To enable extended functionality in your Django admin, your admin class needs to extend ExtendedModelAdmin, like so:
# in app/admin.py
from app.models import Book
from adminextensions import ExtendedModelAdmin
from django.contrib import admin
class BookAdmin(ExtendedModelAdmin):
pass
admin.site.register(Book, BookAdmin)
Everything else in this documentation will assume that you are using the ExtendedModelAdmin base class.

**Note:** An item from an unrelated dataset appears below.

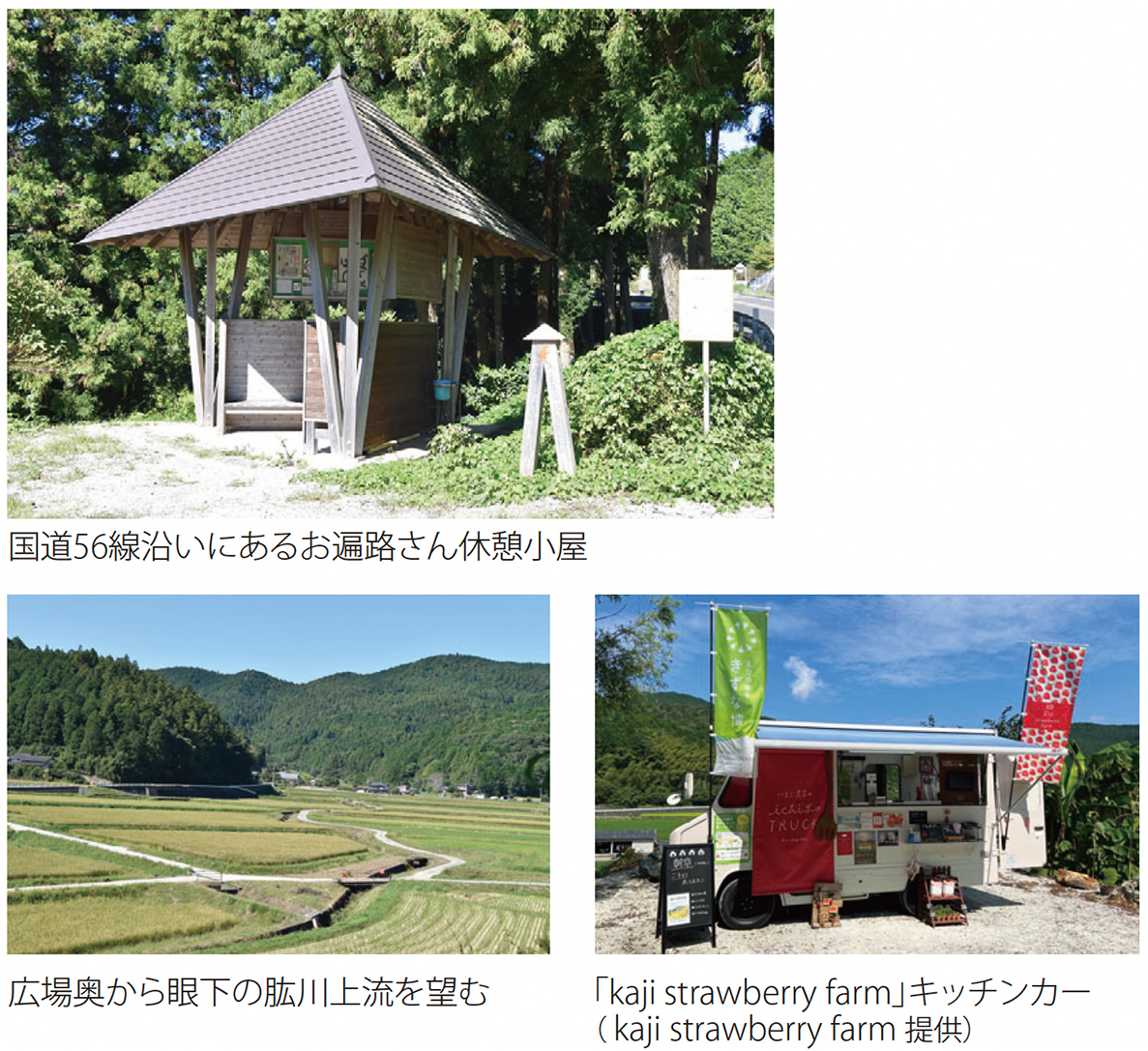 「お遍路さん休憩小屋 第49号ひじ川源流の里」は、四国霊場43番札所の明石寺(めいせきじ)から約10kmの地点にある見晴らしの良い休憩所です。地元檜を使用した三角屋根の目立つ建物で、2023(平成25)年12月に設置されました。広場の奥は、「kaji strawberry farm」キッチンカー専用出店スペースとなっており、地元宇和町のいちご農家が作る「いちごスムージー」を販売しています。また、目の前に広がっている田んぼの中を流れる肱川を見ることができます。この遍路小屋から大洲方面に70mほど行くと旧遍路道である鳥坂峠(とさかとうげ)へ入る分岐点があります。鳥坂隧道は、昔から中予から南予に向かうための街道の交通の要所であり、峠越えの難所でもあります。
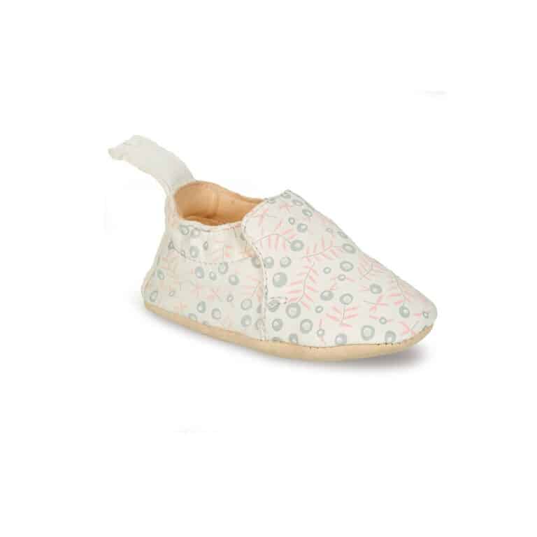 Ces jolis chaussons ” Blumoo ” couleur blanc aux motifs Liberty, accompagneront bébé à la crèche, à la maison ou même en extérieur.

The buttons to the top-right of every Django admin screen are called object tools. django-admin-extensions allows you to easily add new links to the object tools, with out having to extend and override the admin templates:
# in app/admin.py
from app.models import Author
from adminextensions import ExtendedModelAdmin
from django.contrib import admin
class AuthorAdmin(ExtendedModelAdmin):
object_tools = {
'add': [...],
'change': [...],
'changelist': [...],
}
admin.site.register(Author, AuthorAdmin)
The 'add', 'change', and 'changelist' lists should be populated with callables. These callables will be called with the template context as their only argument. They should return a string, which will be wrapped in a <li> tag and printed to the screen as an object tool. To duplicate the ‘View on site’ object tool, you could do the following:
def absolute_url(context):
object = content['original']
if not hasattr(object, 'get_absolute_url'):
return ''
return '<a href="{0}">{1}</a>'.format(
original.get_absolute_url(), 'View on site')

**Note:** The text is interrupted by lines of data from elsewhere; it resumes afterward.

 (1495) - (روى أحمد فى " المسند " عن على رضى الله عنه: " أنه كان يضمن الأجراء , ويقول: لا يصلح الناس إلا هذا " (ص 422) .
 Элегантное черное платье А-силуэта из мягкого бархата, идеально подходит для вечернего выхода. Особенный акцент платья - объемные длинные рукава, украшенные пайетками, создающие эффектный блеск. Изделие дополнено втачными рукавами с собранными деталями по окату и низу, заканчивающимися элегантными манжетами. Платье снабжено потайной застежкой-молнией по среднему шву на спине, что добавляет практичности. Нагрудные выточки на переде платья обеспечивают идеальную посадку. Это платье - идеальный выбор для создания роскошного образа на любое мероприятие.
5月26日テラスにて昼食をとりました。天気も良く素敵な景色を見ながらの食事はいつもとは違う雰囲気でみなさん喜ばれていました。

class AuthorAdmin(ExtendedModelAdmin):
object_tools = {
'change': [ absolute_url ],
}
The most common use case is adding links to related models on the 'change' view. This can be achived using the folloing code:
class AuthorAdmin(ExtendedModelAdmin):
object_tools = {
'change': [
model_search('Find books', Book,
lambda author: {'book__author__pk': author.pk}),
model_link('View publisher', Publisher,
lambda book: author.publisher.pk),
]
}
Here, a link is created to the changelist showing all books written by the current author, and a link is created to the change view of the authors publisher. These make use of the model_search and model_link shortcuts.

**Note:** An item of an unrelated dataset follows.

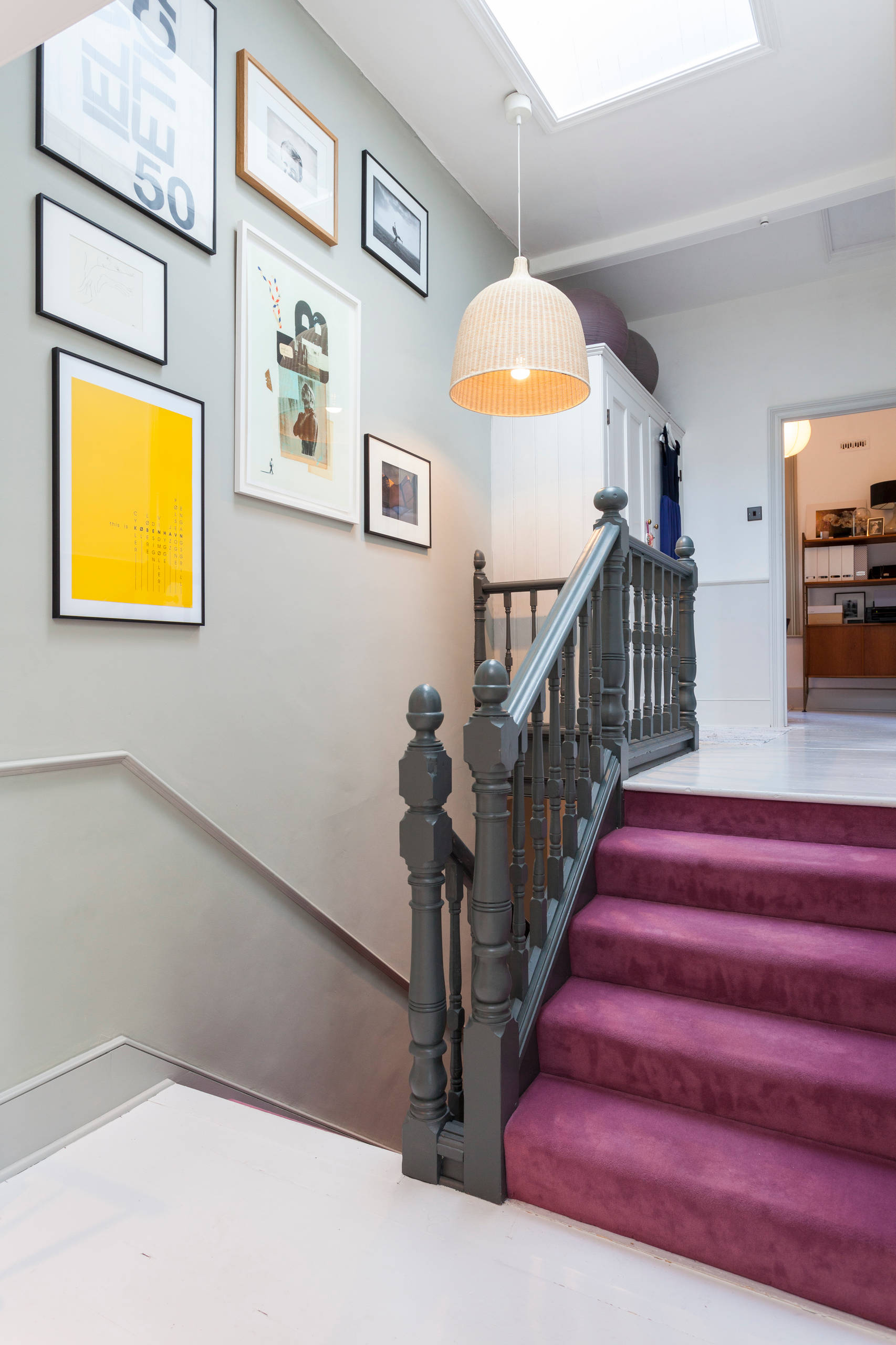 Stairs can be notoriously dark areas of the house, unless you’re lucky enough to have a large window. One way to combat this is to install a glass roof light like the one shown here. This adds height and drama to the stairway, and brings daylight down through the house.

By default, the Django admin does not allow filtering via GET parameters on related models. This is for securiry reasons - filtering on related models is a potentially expensive operation, and a denial of service attack could be constructed by abusing this.
Some times though, these kind of look ups are exatly what we want. valid_lookups is a whitelist of related model lookups that should be allowed by the admin. Use it like this:
class BookAdmin(ExtendedModelAdmin):
valid_lookups = (
'author__pk'
)
This allows for lookups on a Book’s Author’s primary key - and nothing more. You will likely have to add a related fields primary key to this list every time you use model_search in the object_tools.